SA Bugzilla – Bug 1050
proposal: allow transforms for tests
Last modified: 2004-11-30 10:10:25 UTC
Proposal to add a new type of test: word sequence. body tests generally use whitespace between words as a delimiter. For a word sequence test, we could use one or more tr/// operations (different ones for different rules) before running the test. Perhaps the tr/// operations could be generalized, but there may be some issues such as internationalization that would need to be worked out. The tests would work something like the current spam phrase engine: tr/A-Za-z/ /cs; tr/A-Z/a-z/; for (split) { test internals } Except the tr// sequence would be specific to each rule and then the split could just operate on the second argument of the tr//cs operation. In this case, spaces. Now for rules. We have a few ways to go here, but I suspect sticking with perl regular expressions would be the best bet since that's what we're used to writing. Then this is really just a transform done before "body" tests. For example, take a simple word sequence test where the string is long enough that we don't really care about whitespace or other intervening characters. original: body USE_IDENTITY /using your identity/i new: body USE_IDENTITY tr/A-Za-z//cd; /usingyouridentity/i Another, more cautious version would use non-letters as delimiters to arrive at this: body USE_IDENTITY tr/A-Za-z/ /cs; /using your identity/i If certain transforms become common, we could use aliases, for example: body USE_IDENTITY EN_SPACE; /using your identity/i We could also allow s/// substitutions, but that would have more overhead and we should avoid it if possible. tr/// is much faster. Already with this proposal, we would have to make a copy of each line being tested to avoid changing it. In case it isn't obvious why I am proposing this, see bug 1047.

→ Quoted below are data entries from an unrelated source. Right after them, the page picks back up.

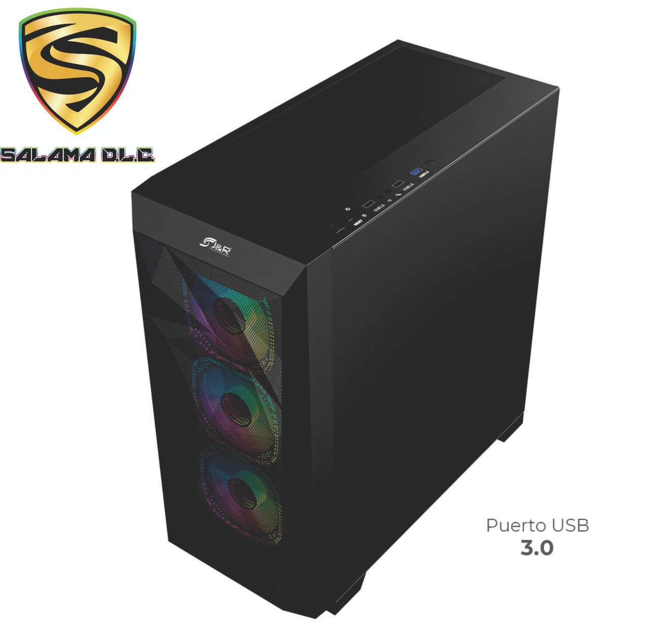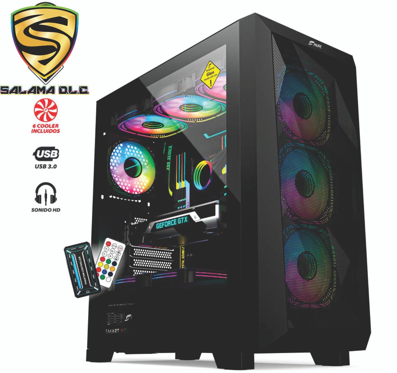 incluye 6 cooler con tecnología ARGB instalados, controladora y control remoto para ajustar la velocidad, intensidad, color o efecto de iluminación de los cooler (+ 100 modos de luz)
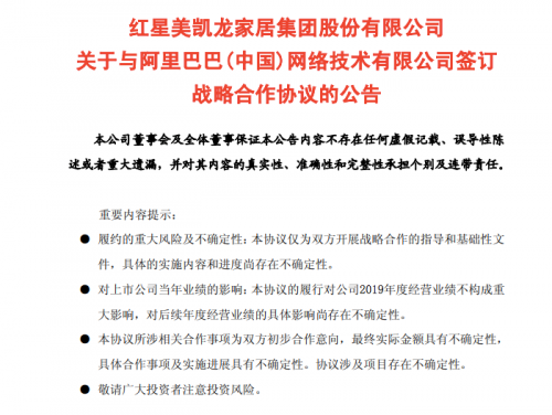 紅星美凱龍家居集團股份有限公司(以下簡稱 “公司”)日前對外發布公告稱,與阿里巴巴(中國)網絡技術有限公司(以下簡稱“阿里”)于2019年5月24日在中國杭州市余杭區簽署了 《戰略合作協議》,雙方將在新零售門店建設、電商平臺搭建、物流倉配和安裝服務商體系、消費金融、支付系統等方面開展戰略合作。
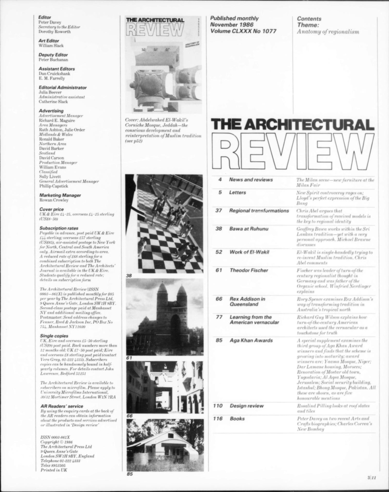 The November 1986 issue of Architectural Review features an in-depth exploration of the work of El-Wakil, the acclaimed Egyptian architect known for his innovative designs that blend tradition with modernity. This edition includes detailed plans, cross-sections, and stunning images that highlight his unique architectural style and mastery of space, illustrating how his creations reflect the cultural heritage of Egypt while embracing contemporary design principles.
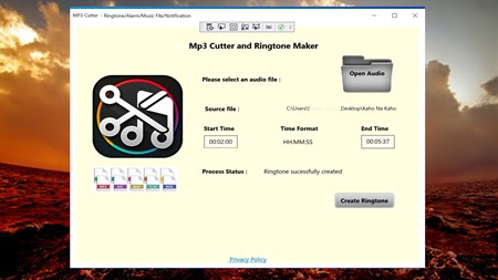 How to use Mp3 Cutter and Ringtone Maker: 1.Select mp3/music from your pc or from Recordings. 2.Enter the start and end Time to be chopped from your audio. 3.Save as Ringtone/Music/Alarm/Notification.

*** Bug 1047 has been marked as a duplicate of this bug. ***
I just want to add my vote of support for coming up with some way around the non-whitespace problem. I'm starting to see a lot more spam with every word in the subject in squotes, sometimes even doubled squotes. Here's an example: Subject: ''Free'' Shipping 'offer' - Inkjet ''Cartridges'' - up to 80% off Unfortunately, I'm not familiar enough with SA to suggest which alternative might be the best.
not sure if it'll be necessary -- bayes will catch it nicely I should think. our tokenizer can cope with that just fine.
It seems like it might be useful to have some way to test word sequences. Bayes doesn't do that. Most of our body tests amount to word sequences and all the business about .{0,5} and such is to allow intermediate words or get around quotes and such. transforms are rather fast and having some tests eliminate non-word characters would not be too expensive. My original scheme may be a bit excessive, but I think some solution may be useful.
ok, I see your point. I'd suggest that a new test type would be better; e.g. phrase USE_IDENTITY using your identity and skipping words would be phrase USE_IDENTITY using 1WORD identity or similar. this would be handy for future use of a lexer for speed, and is a bit more readable... ...thinks... hmm, maybe not. this has no way of doing alternatives like /our readers (?:to|with)/i, so we're pretty much stuck with regexps. However I still think making a new "rule type" for this is easiest.
See bug 1207 as a suggestion on how to deal with the unpleasantness described in comment 2. BTW, why isn't comment numbering active in this Bugzilla instance?
See also bug 1002 for a proposed workaround (summary: add a new backslash-entity for "whitespace or other word-sep chars", which we expand before passing to regexp engine.)
*** Bug 3454 has been marked as a duplicate of this bug. ***
It seems this isn't really an issue... Bayes seems to handle most of these situations, and it seems like it would provide little gain.